I'm using docker for my VM's, I stuck with defaults there.I've deleted Flannel using:
kubectl delete -f https://raw.githubusercontent.com/coreos/flannel/master/Documentation/kube-flannel.ymlI've installed Calico using the recommended steps, adjusting the config for my CIDR network 10.0.0.0/16
After rebooting the hosts I see the Calico networks are in place.
It looks though like my deployment isn't too happy for some reason, the pod won't spin up.
pch@master:~/Deployments$ kubectl get deploy,pod NAME READY UP-TO-DATE AVAILABLE AGE deployment.apps/nginx 0/1 1 0 84m NAME READY STATUS RESTARTS AGE pod/nginx-7848d4b86f-zrvnx 0/1 ContainerCreating 0 72s
0 -
looking into the pod it's getting errors, I deleted the deployment and redeployed from the yaml file we created in the exercise. Same issue.
pch@master:~/Deployments$ kubectl logs nginx-7848d4b86f-4ms4b Error from server (BadRequest): container "nginx" in pod "nginx-7848d4b86f-4ms4b" is waiting to start: ContainerCreating
ah-ha, ok when running kubectl describe pods I see a calico error that's the blocker.
Warning FailedCreatePodSandBox 2m50s kubelet Failed to create pod sandbox: rpc error: code = Unknown desc = failed to set up sandbox container "ced8d79d1a96fa1ef5f47f03cd4910703e86aff693d60e33a5270823dab99658" network for pod "nginx-7848d4b86f-4ms4b": networkPlugin cni failed to set up pod "nginx-7848d4b86f-4ms4b_default" network: stat /var/lib/calico/nodename: no such file or directory: check that the calico/node container is running and has mounted /var/lib/calico/
0 -
Issue is calico pods are crashing.
pch@master:~$ kubectl get pods -n kube-system NAME READY STATUS RESTARTS AGE calico-kube-controllers-58497c65d5-t6nk7 0/1 ContainerCreating 0 75s calico-node-d7t8w 1/1 Running 1 (29m ago) 42m calico-node-rp2cp 0/1 CrashLoopBackOff 17 (2m32s ago) 42m
It looks like the issue might be duplicate IP address between the head (master) node and the worker node.

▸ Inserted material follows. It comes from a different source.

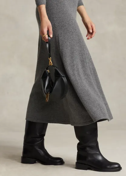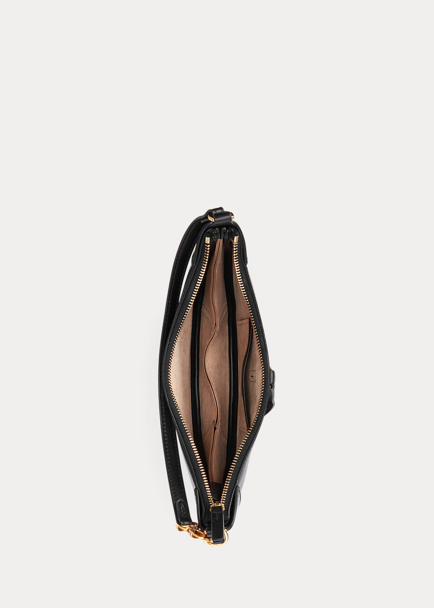 - Top zip closure with a leather zipper pull. Interior magnetic snapped closure. Leather keeper with a weighted Polo ID brass plaque that can be placed at the front, at the back, or tucked in.

pch@master:~$ kubectl -n kube-system logs calico-node-rp2cp 2021-09-01 05:22:53.596 [INFO][9] startup/startup.go 713: Using autodetected IPv4 address on interface br-d55a3b06d6c7: 172.18.0.1/16 2021-09-01 05:22:53.596 [INFO][9] startup/startup.go 530: Node IPv4 changed, will check for conflicts 2021-09-01 05:22:53.600 [WARNING][9] startup/startup.go 1074: Calico node 'master' is already using the IPv4 address 172.18.0.1. 2021-09-01 05:22:53.600 [INFO][9] startup/startup.go 360: Clearing out-of-date IPv4 address from this node IP="172.18.0.1/16" 2021-09-01 05:22:53.607 [WARNING][9] startup/utils.go 48: Terminating Calico node failed to start pch@master:~$ calicoctl get nodes -o wide NAME ASN IPV4 IPV6 master (64512) 172.18.0.1/16 worker
Checked Calico support info online, looks like the issue could be the IP_AUTODETECTION_METHOD listed here: https://github.com/projectcalico/calico/issues/1628
Well it's a good thought, I updated the calico config for that by running,
kubectl set env daemonset/calico-node -n kube-system IP_AUTODETECTION_METHOD=can-reach=DESTINATION
This was set successfully. I rebooted my machines, and issue persists...
pch@master:~$ kubectl get pods -n kube-system NAME READY STATUS RESTARTS AGE calico-kube-controllers-58497c65d5-t6nk7 0/1 ContainerCreating 0 13m calico-node-hp5nt 1/1 Running 1 (3m53s ago) 4m45s calico-node-vwzt7 0/1 CrashLoopBackOff 6 (35s ago) 4m45s
I do see that both master and worker have the following NICS,
MASTER-HEAD
4: br-d55a3b06d6c7: <NO-CARRIER,BROADCAST,MULTICAST,UP> mtu 1500 qdisc noqueue state DOWN group default
link/ether 02:42:12:93:d4:cd brd ff:ff:ff:ff:ff:ff
inet 172.18.0.1/16 brd 172.18.255.255 scope global br-d55a3b06d6c7
valid_lft forever preferred_lft foreverWORKER
3: br-d55a3b06d6c7: <NO-CARRIER,BROADCAST,MULTICAST,UP> mtu 1500 qdisc noqueue state DOWN group default
link/ether 02:42:17:0d:c6:31 brd ff:ff:ff:ff:ff:ff
inet 172.18.0.1/16 brd 172.18.255.255 scope global br-d55a3b06d6c7
valid_lft forever preferred_lft forever0 -
This is where I'm stuck, I'm not sure how to resolve this IP conflict, Calico auto populates this IP address and is choosing to assign the same IP to each node (Master + Worker).
0 -
Hello,
Docker uses its own networking configuration, and I am not too aware of the details of making it work. Calico does not automatically set the IP range, the lab actually has you look at where the information is coming from in the calico.yaml file and the configuration file passed to kubeadm init.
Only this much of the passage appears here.